As far as I’ve known, I’ve always been surrounded by men that work their butts off. Dad use to take me with him to the car repair shops.. The smell of the spray paint and burning metal was always a favourite.. I think this was the only reason I went with him. I had no interest in the old men fixing the cars, but I could stand and smell the car’s being painted and cut in half all day….. Then there’s my brother in law.. He met my sister wile on a cruise down the Brisbane river. I heard stories of my sister being shot with a rubber bullet and my brother in law catching her as she fell.. so romantic.. This man works hard.. VERY hard. He’s been driving trucks up and down QLD since I can remember, and he still has time for his family.. My gorgeous niece and 3 nephews.. My Sister being the backbone of the family during the hard times and the good times.. If I grow up, I wanna be just like her… PS, more about Leigh coming soon…. *nods*
So, Dads out there, I hope you had an amazing day. For those that don’t get to see their kids as often as you want, remember, your kids love you. No child can ever not love their dad. Nature won’t let it.
Thanks for being awesome men Gareth, Allan, Owen, Grant, Mark and Ben. Keep that shit up
(weigh in tomoz – results on the side of the page)
Well, I gave up stalkbook 2 weeks ago. It’s hard to give up something when it’s the first thing you do when you wake up, and the last thing you do before you go to bed. Yeah I know, it’s pretty sad. Most of the time I was refreshing the page, thinking to myself, someone MUST have posted. Why is no one posting.. it’s like 3am… ooooh.. now I know.
I find since deactivating my account, I don’t drink as much during the week. Maybe it was my excuse to ‘play up’ online. I mean to say, act like a 2yo and make people smile. I’m not as funny sober, trust me, I tried it. I ensured I was drinking low carb, ‘healthy’, cider. It was 1 WW point! How can it be bad for me……………? How can something that makes you feel SO good, be unhealthy?!

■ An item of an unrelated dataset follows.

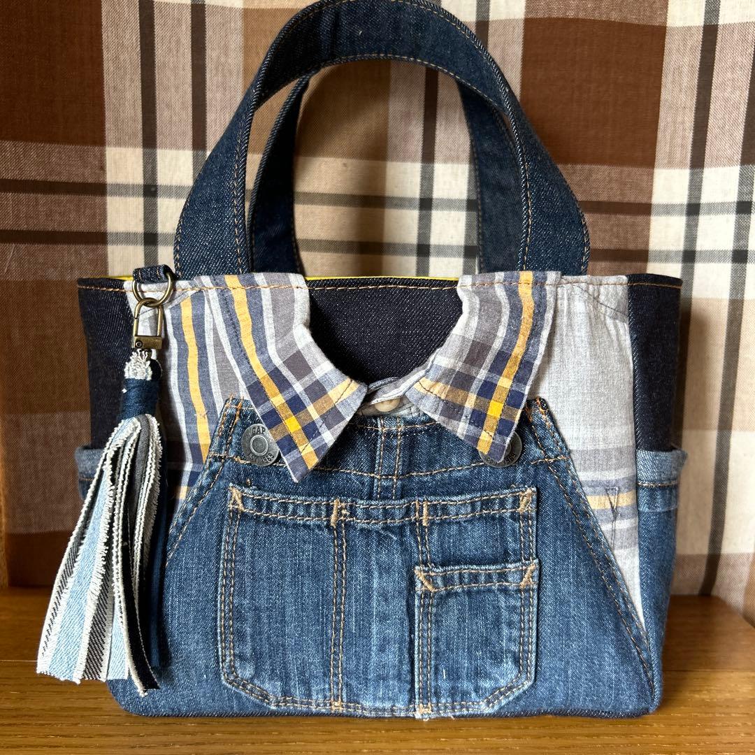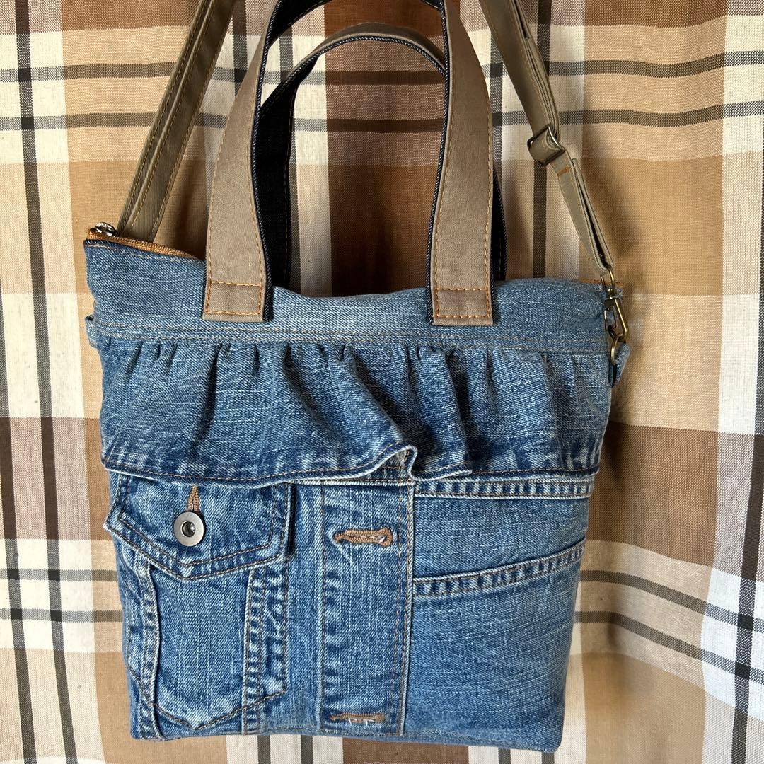 デニムリメイクトートバッグ ショルダー手提げ肩がけハンドメイド。

Anywho, I decided, after my ‘fat’ work pants popped a seam, I should weight myself. I’ve been a little scared to do so in recent times. I have always been told by my friends,
‘It doesn’t matter about your weight.’
‘It’s just a number.’
‘You should always go by how your clothes feel.’

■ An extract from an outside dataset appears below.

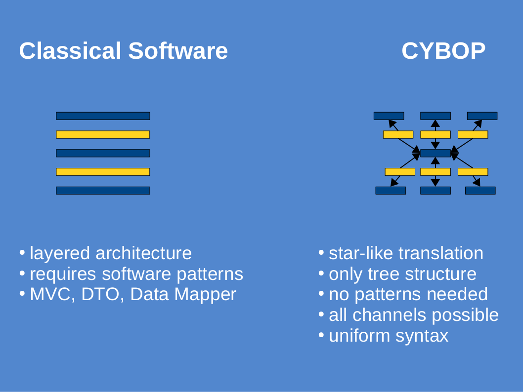 For programming, CYBOP offers exactly the same: One framework (schema, container) for all applications. Only the knowledge contained differs.

‘You’re gorgeous the way you are’
I love my friends with all my heart, and I KNOW they’re incredibly supportive and love me in return. There comes a point when you have to grow up and make decisions yourself. Never will I forget their advice, nor will I ignore it.
Yeah I feel fat, but I don’t want to know HOW fat I am. Do I!? Apparently I do. With a groan, I step onto the tear creating box. The number go up.. and up.. and up.. How can there be such a high number on my tear box?! I’m sure it got it’s 9′s and 6′s mixed up.. I can’t honestly be that… I hop off and try it again.. because the first lot of tears weren’t enough to discourage me from making it official… There it was.. In all it’s glory….. 99.6 kgs or 219 lbs 9oz. Yes I am NOT rounding it up.. hells no!
I can do this. I have an amazing thinspiration in my sister. Starting at 117 kgs she’s lost an INCREDIBLE 27.4 kgs from April this year. Leigh weighed in at 89.6 kgs in her most recent weigh in. See.. Thinspiration. I’ll see if she’ll let me post pictures of her progress..
Anyway.. I started last Monday, I continue my weekly weigh in tomorrow.